So, you’re looking to paint your 3D printed miniature. Painting 3D printed miniatures and figures is similar to painting other types of kit-type miniatures and models. This is especially true if you’re using model acrylic paints, such as Citadel or Army Painter model paints.
In this article, I show you how I painted a 3D printed miniatures from Heroforge.
Continue reading for tips and tricks on how to paint a 3D printed miniature.

How do you clean a miniature before applying primer and paint?
Every miniature and model should be cleaned and washed.
Bits of debris, dirt, and oil (from your fingers or the manufacturing process) can interfere with proper primer and paint adhesion.
So, cleaning a model properly is standard operating procedure (SOP) in my workflow.
For the quickest, more thorough cleaning job, I toss my miniatures in an ultrasonic cleaner.
Here are some affordable ultrasonic cleaners that I recommend.

It doesn’t take long.
5 minutes in an ultrasonic cleaner filled with water is enough for cleaning miniatures.
Make sure you dry off your miniature before moving on to the next step. I use a paper towel or hair dryer (just not too hot).

How do you prepare a 3D printed model for paint?
It’s easy!
Two steps:
- Make sure the model surface is smooth
- Apply primer (how to prime miniatures)
A 3D printed miniature is different than a model you buy as a kit. With Heroforge miniatures, the models are printed using a high-precision 3D printer that constructs the prints as a whole-piece.
No assembly required.
The only challenge is making sure the build-layer lines are smooth.
The smoother the surface of your miniature, the more advanced paint blending techniques you can use.

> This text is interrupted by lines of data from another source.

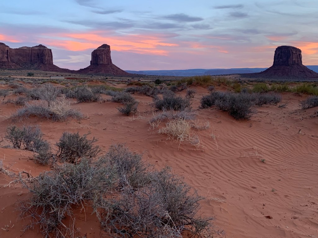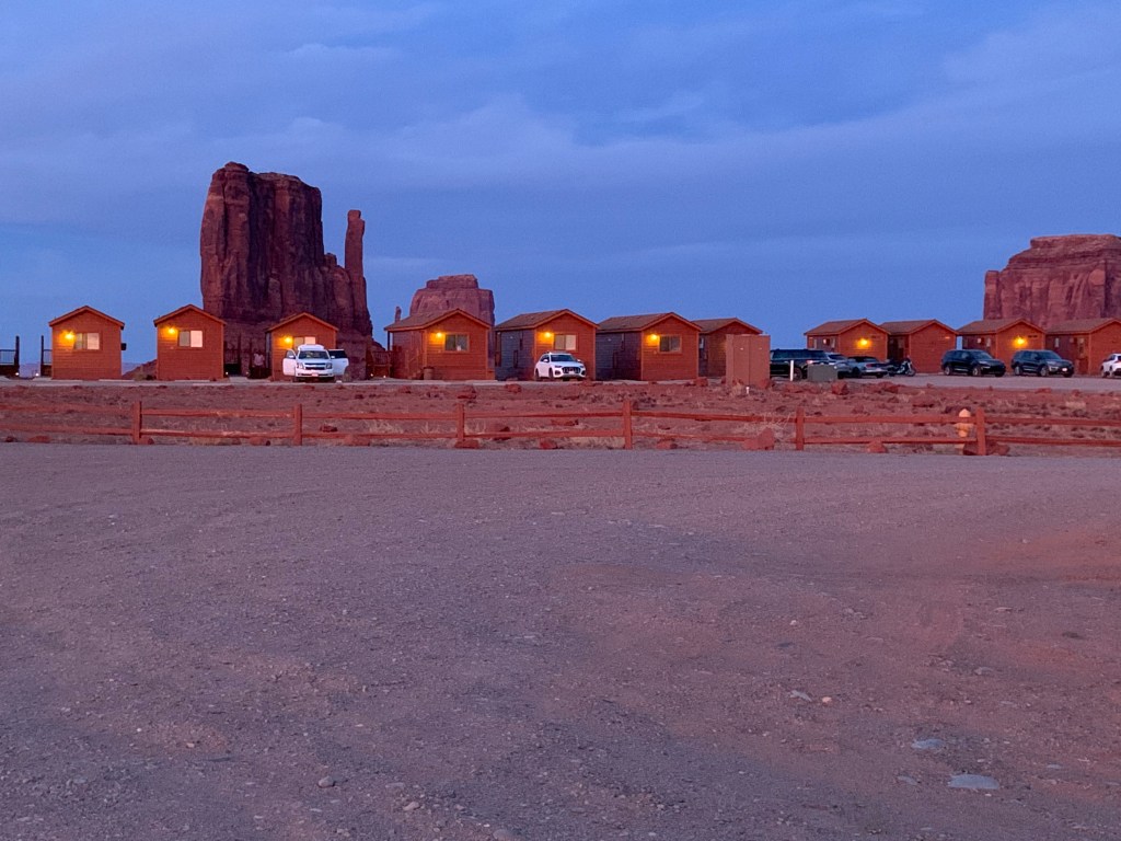 After a day at Chaco Canyon, we spent the night in Farmington, New Mexico and then on to Monument Valley. This was a special treat. Not only is it one of the most beautiful spots in the West, it has a hotel and small cabins … very small but adequate. Plus, the cabins overlook the valley of natural monuments and we were able to experience sunset and sunrise … truly amazing!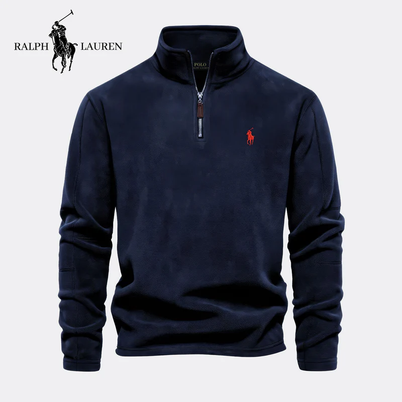 - Refined half-zip collar with durable metal fastening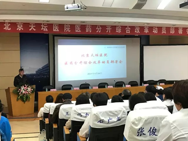 3月24日上午8点,北京天坛医院在教学楼阶梯教室召开了医药分开综合改革动员部署会,王晨院长主持会议,王拥军副院长作了医药分开综合改革具体工作部署;神经外科王硕教授、外科党支部书记、乳腺科王丕琳主任以及信息中心王韬主任分别代表医护人员及本科室表态,坚决支持北京医改这项伟大工程,用实际行动全力做好本职工作。院党委书记宋茂民进行了动员,重点强调“统一思想,统一步调,遵守纪律,并坚决贯彻执行”。全院中层干部及党支部书记、护士长参会。(宣传中心 匡远深)

You can smooth out a model by:
- Sanding
- Using a gap filler (followed by sanding)
- Applying layers of a good quality primer, which will gently fill-in and hide the build layers
You can use a combination of the above to prepare the surface prior to painting the model.
For this paint job, I used a 2.5x magnifying headband visor to see details.
How do you prime a 3D printed miniature or model?
For any model, priming is the most important step.
A good priming job can make or break the ease to which you paint the model.

A bad priming job for example, can create a really rough surface, or a surface that doesn’t stick well to the overlying acrylic model paint. Bad news bears!

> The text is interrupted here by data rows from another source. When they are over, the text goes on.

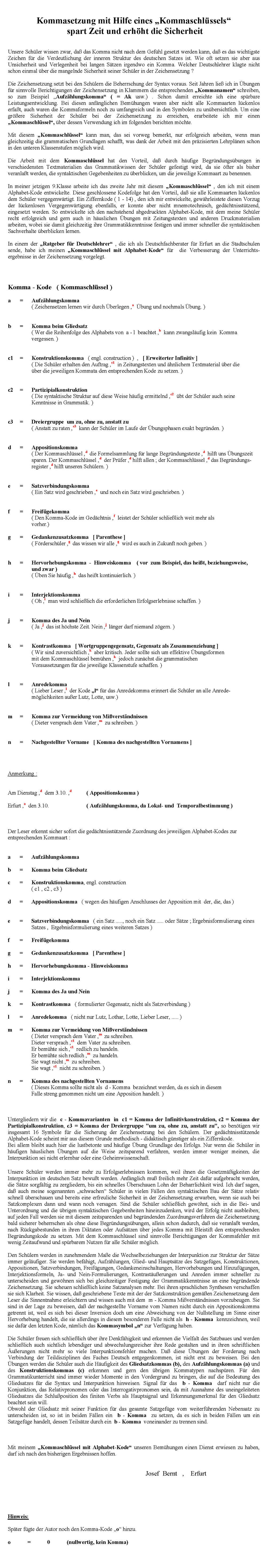 Josef Bernt war sein legendärer Kommaschlüssel, eine Eigenentwicklung zur Verbesserung unserer Fähigkeiten in der Zeichensetzung bei schriftlichen Arbeiten. Von den Schülern damals meist belächelt,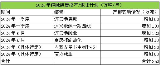 从供应方面看,国家统计局数据显示,2023年1-11月纯碱累计产量2957.5万吨,同比增长9.5%,全年预计产量在3240万吨左右,较2022年增幅11%左右。2024年产量按照计划预期将达到3600万吨以上,增幅在350万吨以上。一是远兴能源一期3条线和金山五期将全部达成,4线将推迟到2024年点火投料。连云港碱业120万吨预期将于2024年下半年投产。综合预计2024年新增产能有限,但是新增产量将较大。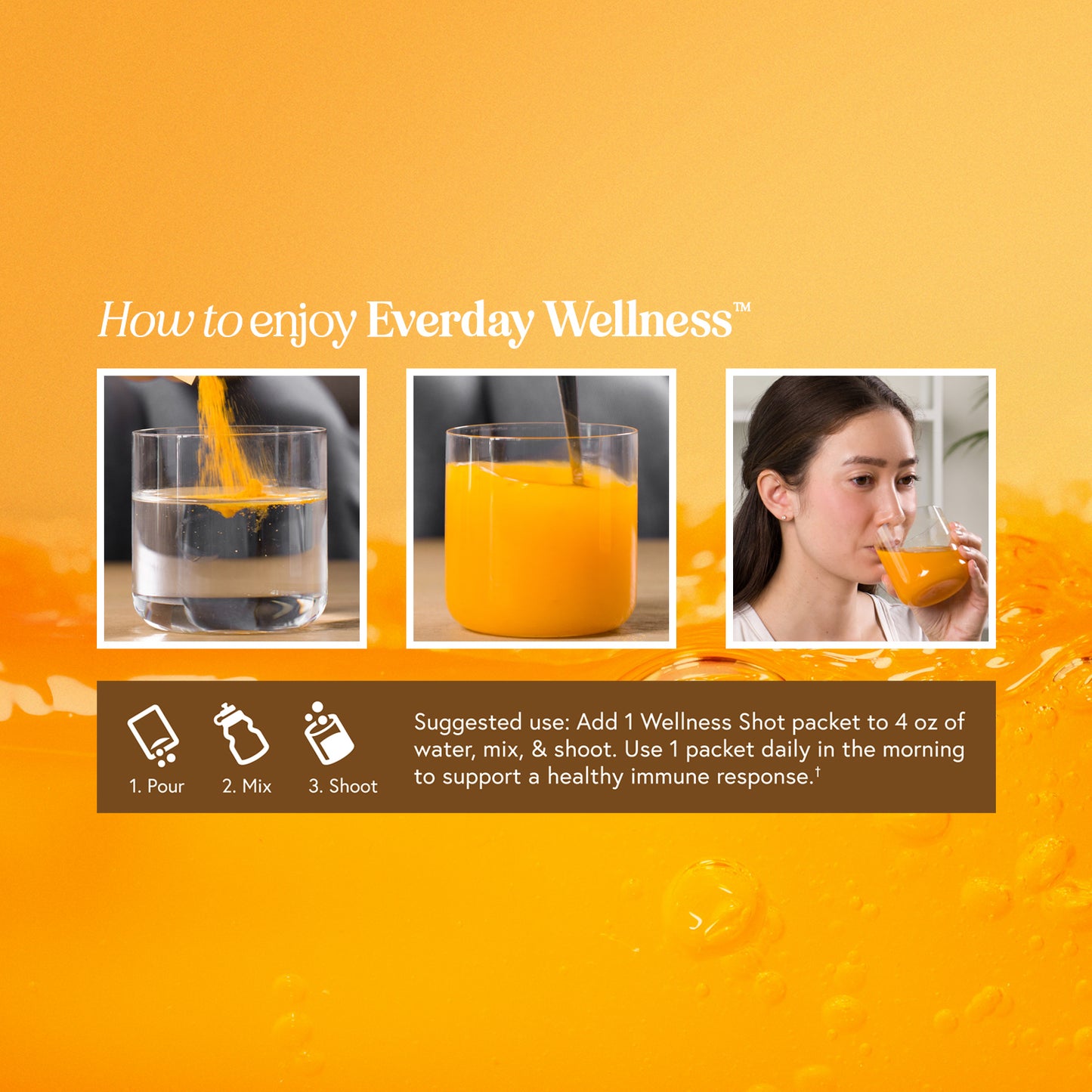 Suggested use: Add 1 Wellness Shot packet to 4 oz of water, mix, & shoot.
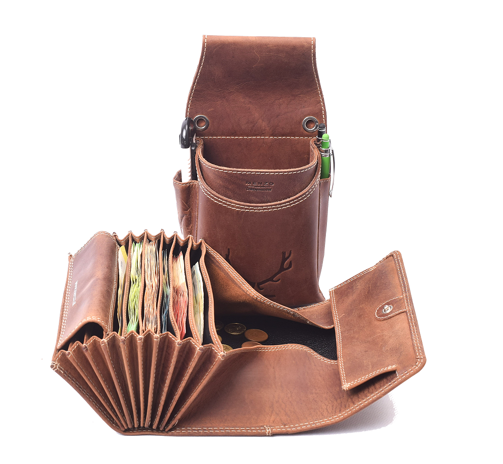 Hochwertiges Menzo 937 Profikellnerset Büffelleder Doppelnaht/Edelweiss marone

Good priming can hide imperfections in the sculpted miniature, which is great for 3D prints (which have print artifact layers).

My suggested primer for almost any scale model or miniature is Vallejo’s Surface Primer.

The best way to prime a 3D printed miniature is to spray it on. This provides you with the most even coat. The thin layers you can achieve with an airbrush also makes these kinds of applications much more consistent than brush-on primer.
Of course, everyone will have their preferred method.
If you are comfortable with brush-on priming, or don’t have an airbrush, then the only suggestion I have would be to make sure your primer is applied in multiple thin layers, instead of thick coats.
You’ll ensure that you don’t lose details in the 3D print.

Why is applying the first paint base coat hard on 3D printed models?
The first base coat is harder than you think.
Most people think this is the easiest step for painting miniatures. But, in reality, it only seems easy because base coating a model is usually fast.
It hurts, but it’s over quickly.

Base coating 3D printed miniatures is hard, in particular, because:
- You don’t know how paint will behave across the model due to the build layer lines (e.g., thinned paint will seep across the surface with capillary action)
- Color bleeds into areas unexpectedly because the 3D print build layers (e.g., another description for this effect is “the paint feathers out”)
- It takes significantly more pigment build-up to completely cover the surface a 3D printed miniature (the build layers “absorb” paint; there’s effectively more surface area for paint to cover)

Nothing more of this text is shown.